Second, EPA is extending the date by which an owner or operator may 
submit a request to extend the use of BAMM beyond December 31, 2011 
from September 30, 2011 to October 17, 2011. EPA is extending the 
deadline to provide owners and operators additional time to prepare and 
submit the request. EPA has concluded that this flexibility is 
appropriate given that the effective date of this final rule, September 
30, 2011, is the same as the date by which extension requests are 
required to be submitted to the Administrator. See Section II.B.2 below 
of this preamble for additional discussion on both of these topics.
    Lastly, in this action, EPA is clarifying several aspects of the 
subpart I BAMM provisions.

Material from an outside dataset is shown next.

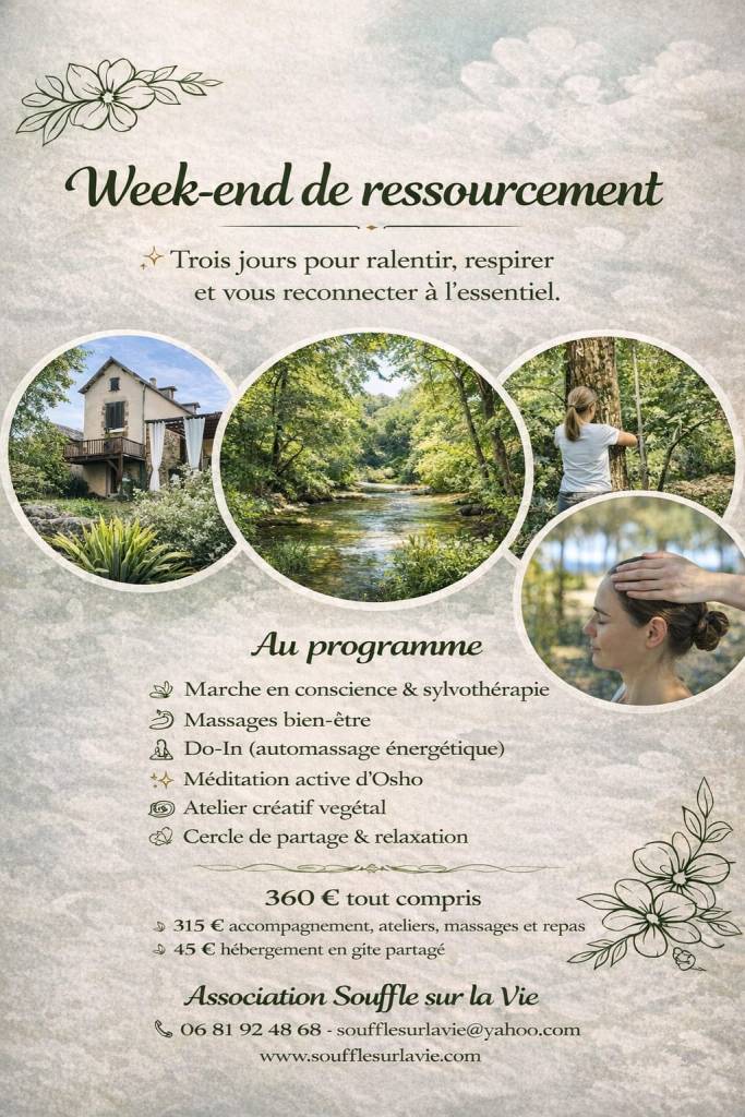 Week-end de Ressourcement à Najac 8-9 et 10 mai réservation : soufflesurlavie@yahoo.com

More specifically, EPA is clarifying that 
the subpart I BAMM provisions for estimating emissions beyond December 
31, 2011 do not specify an end date to the period for which EPA may 
approve the use of BAMM. In addition, EPA is clarifying the distinction 
between the elements of the BAMM application and the approval criteria 
by which EPA will determine if a facility is approved to use BAMM to 
estimate emissions beyond December 31, 2011.
    Under today's final rule, owners and operators applying to extend 
the use of BAMM beyond December 31, 2011 must submit a request to EPA 
no later than October 17, 2011. The BAMM extension provisions do not 
impose an end date: for example, they do not say that extensions are 
limited to 2012. EPA does not intend to approve the indefinite use of 
BAMM; all BAMM applications should specify the date on which the 
facility plans to cease the use of BAMM. However, EPA does understand 
that there are specific aspects of the final subpart I provisions for 
which compliance may not be reasonably feasible for certain facilities 
during the interim period addressed in this rulemaking and for which, 
in some cases, EPA is evaluating and considering other approaches. In 
particular, the establishment of an interim period through 2013 during 
which the largest facilities have the option of using the Tier 2c 
method \5\ while the Agency considers longer-term alternatives may 
affect facilities' planning for compliance with other aspects of 
subpart I. In part, this is because the potential incorporation of 
alternative methods into subpart I could render certain aspects of the 
rule moot for some facilities, depending on the alternative adopted. 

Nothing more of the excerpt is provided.